Overview
Galeria Francisco Fino presents the first exhibition of Helena Almeida (Lisbon, 1934 – Sintra, 2018) at the gallery, bringing together a selection of works produced between the 1970s and the 2000s. The exhibition proposes a journey through different moments of the artist’s practice, highlighting the consistency of an investigation that, over several decades, persistently questioned the limits of painting and drawing, displacing them toward a territory where body, gesture, and image become inseparable.

 

Since the late 1960s, Helena Almeida developed a singular practice within both the Portuguese and international contemporary art contexts, marked by an ongoing reflection on the conditions of possibility of painting. Trained as a painter at the School of Fine Arts in Lisbon, the artist began her trajectory at a moment when traditional disciplinary categories were being widely challenged. Her work emerges from this critical context, but asserts itself above all through a deeply self-reflexive inquiry in which the very act of painting and drawing becomes the object of analysis.

 

One of the decisive gestures within this investigation lies in the introduction of the artist’s own body into the space of the work.
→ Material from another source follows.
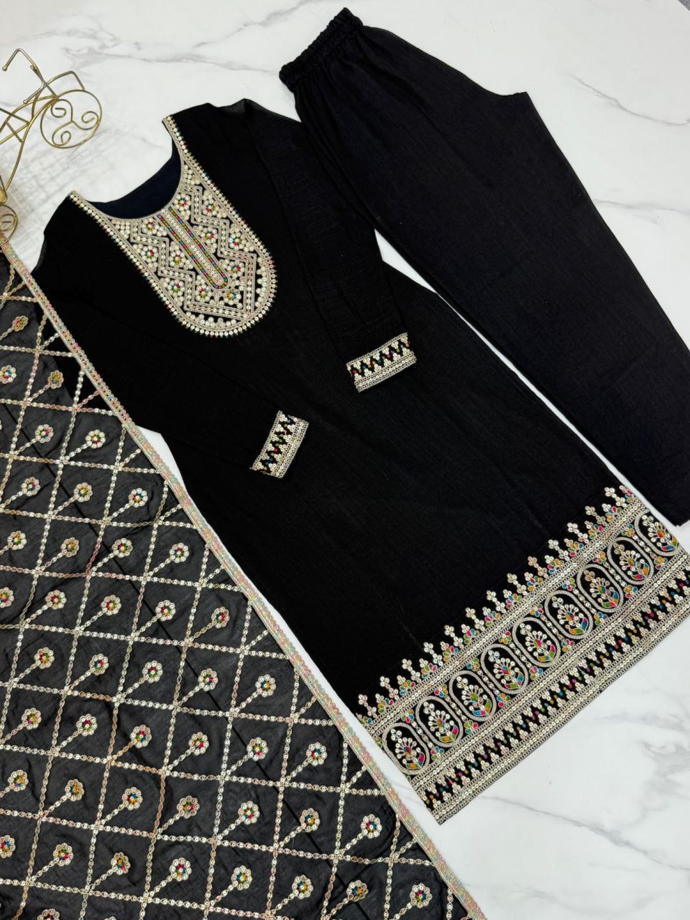 Paired with a 2.2-meter pure Vichitra silk dupatta, featuring detailed embroidery, dori and thread work, and a fancy lace border, this ensemble exudes sophistication. The set is completed with heavy pure Vichitra silk free-size pants, providing both style and comfort.

From the late 1960s onwards, Helena Almeida began to use photography as a means of constructing her pieces, recording actions performed before the camera in which her body engages directly with elements associated with pictorial and drawing practices—line, pigment, gesture, and the limits of the support. Photography thus ceases to function as a mere documentary record and instead becomes the final site of the work, where performative action, pictorial thought, and visual construction converge.

 

Within this process, the body emerges simultaneously as subject, instrument, and material of the work. By occupying the space of the image, it renders visible a set of tensions fundamental to the artist’s practice: between presence and representation, between gesture and inscription, and between the physical space of action and the two-dimensional plane of the image. Lines that seem to extend beyond the paper, stains of color that suspend the gesture, or movements suggesting resistance and displacement become recurring elements within a visual vocabulary that continuously questions the limits of the pictorial field.

 

Over the decades, this investigation develops through an increasingly refined economy of means, while maintaining a remarkable conceptual coherence. In the works produced between the 1970s and the 2000s—gathered here—it becomes evident that the same question persists: how to inhabit the space of painting without being confined to the surface of the canvas. The artist’s response takes the form of a dispositif in which painting, drawing, photography, and performance are deeply intertwined, allowing the pictorial gesture to expand toward the body and into space.

 

Rather than representing the body, Helena Almeida places it in situation, making it the site where the work occurs. It is within this zone of tension between action and image that her work unfolds, proposing a radical reconfiguration of the relationships between body, support, and representation.

 

The exhibition at Galeria Francisco Fino brings together a group of works that testify to the continuity and depth of this research across different moments in the artist’s trajectory, underscoring the singularity of a practice that transformed painting into a field of experience where image, gesture, and presence become inseparable.